=== Begin Enclosure ===

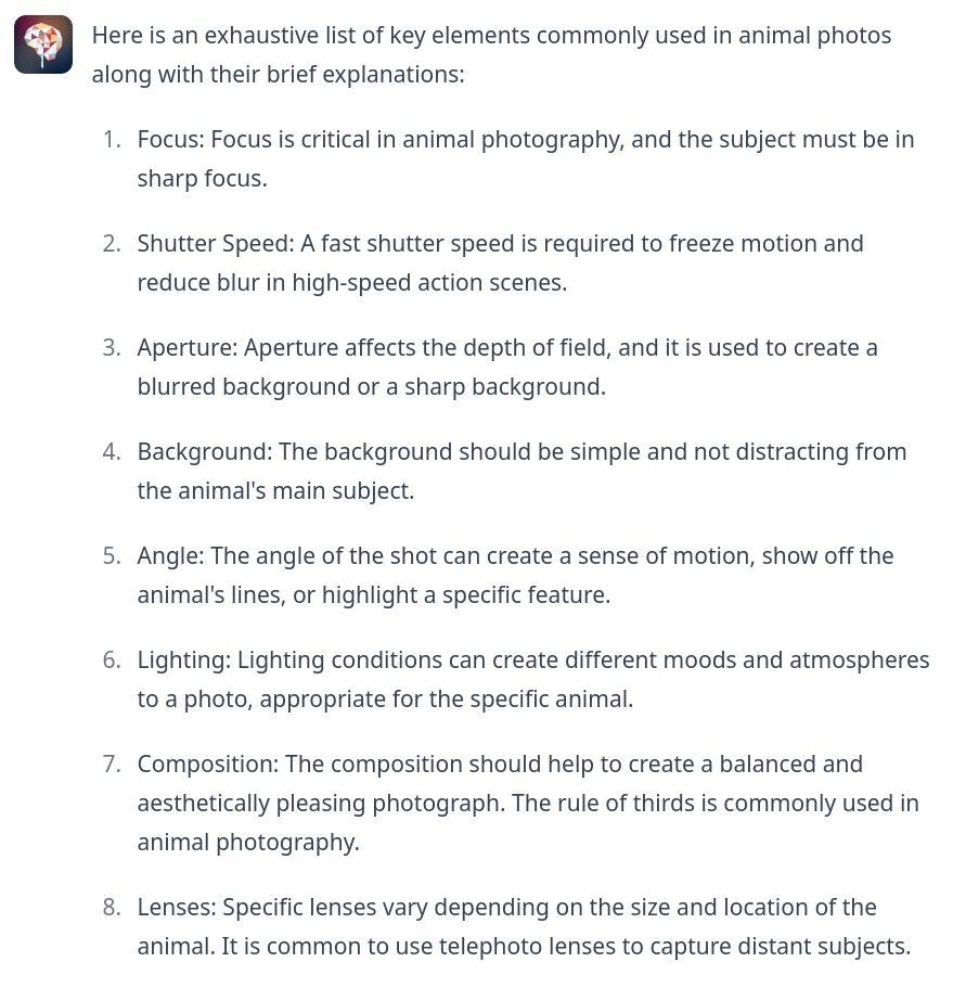 Generate an exhaustive list, comma-separated key elements used in animal photos, short explanations below the bulleted list, please include the most appropriate camera model. 哗啦啦AI写了一堆
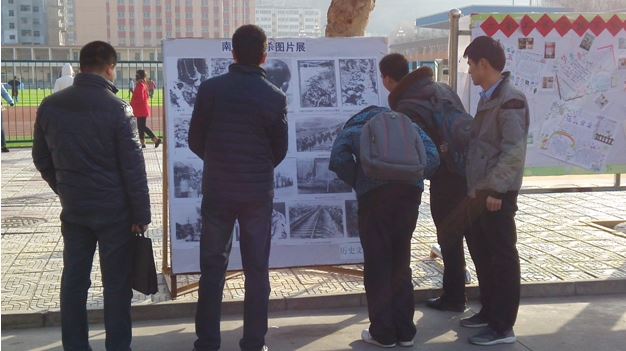 首先,在旧图书馆前展出了系列南京大屠杀图片,用图片的方式让同学们直观的感受那段惨不忍睹的历史。
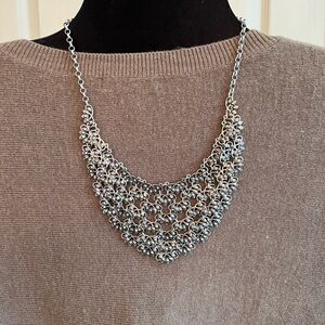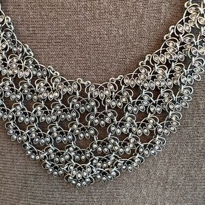This stunning silver statement necklace adds a touch of elegance to any outfit. Perfect for special occasions or everyday wear.
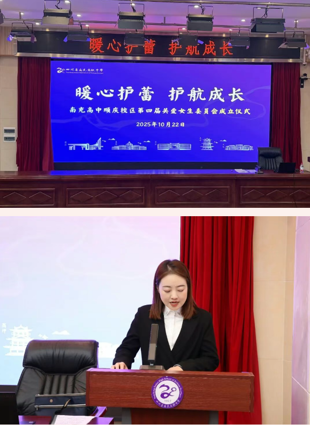 仪式上,顺庆校区副校长周莉宣读了《关于成立南充高中顺庆校区第四届关爱女生委员会的工作方案》。南充高中顺庆校区“关爱女生委员会”委员主要由校级领导、女中层干部、女班主任、心理教师及各班女学生委员(女心理委员或安全委员兼任)组成,旨在引导女学生树立自尊、自爱、自信、自强的价值观,保障未成年女生身心健康发展,助力各项“关爱女生活动”的有效开展和落实。
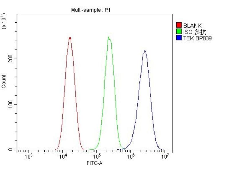 Background: TIE2, also known as TEK tyrosine kinase, is mapped to 9p21.2. This gene encodes a receptor that belongs to the protein tyrosine kinase Tie2 family. The encoded protein possesses a unique extracellular region that contains two immunoglobulin-like domains, three epidermal growth factor (EGF)-like domains and three fibronectin type III repeats. The ligand angiopoietin-1 binds to this receptor and mediates a signaling pathway that functions in embryonic vascular development. Immunoblotting showed that TIE2 expression was increased by thyroid-stimulating hormone and agents that increased intracellular cAMP. HSCs expressing the receptor tyrosine kinase TIE2 are quiescent and antiapoptotic and comprise a side population of HSCs that adhere to osteoblasts in the bone marrow niche.

=== End Enclosure ===

_Task prompt_. Every line between the one containing "仪式上,顺庆校区副校长周莉宣" and the end of the listing, both included, needs to be retyped exactly, minus the pictures.

_Result of the exercise_.
 仪式上,顺庆校区副校长周莉宣读了《关于成立南充高中顺庆校区第四届关爱女生委员会的工作方案》。南充高中顺庆校区“关爱女生委员会”委员主要由校级领导、女中层干部、女班主任、心理教师及各班女学生委员(女心理委员或安全委员兼任)组成,旨在引导女学生树立自尊、自爱、自信、自强的价值观,保障未成年女生身心健康发展,助力各项“关爱女生活动”的有效开展和落实。
 Background: TIE2, also known as TEK tyrosine kinase, is mapped to 9p21.2. This gene encodes a receptor that belongs to the protein tyrosine kinase Tie2 family. The encoded protein possesses a unique extracellular region that contains two immunoglobulin-like domains, three epidermal growth factor (EGF)-like domains and three fibronectin type III repeats. The ligand angiopoietin-1 binds to this receptor and mediates a signaling pathway that functions in embryonic vascular development. Immunoblotting showed that TIE2 expression was increased by thyroid-stimulating hormone and agents that increased intracellular cAMP. HSCs expressing the receptor tyrosine kinase TIE2 are quiescent and antiapoptotic and comprise a side population of HSCs that adhere to osteoblasts in the bone marrow niche.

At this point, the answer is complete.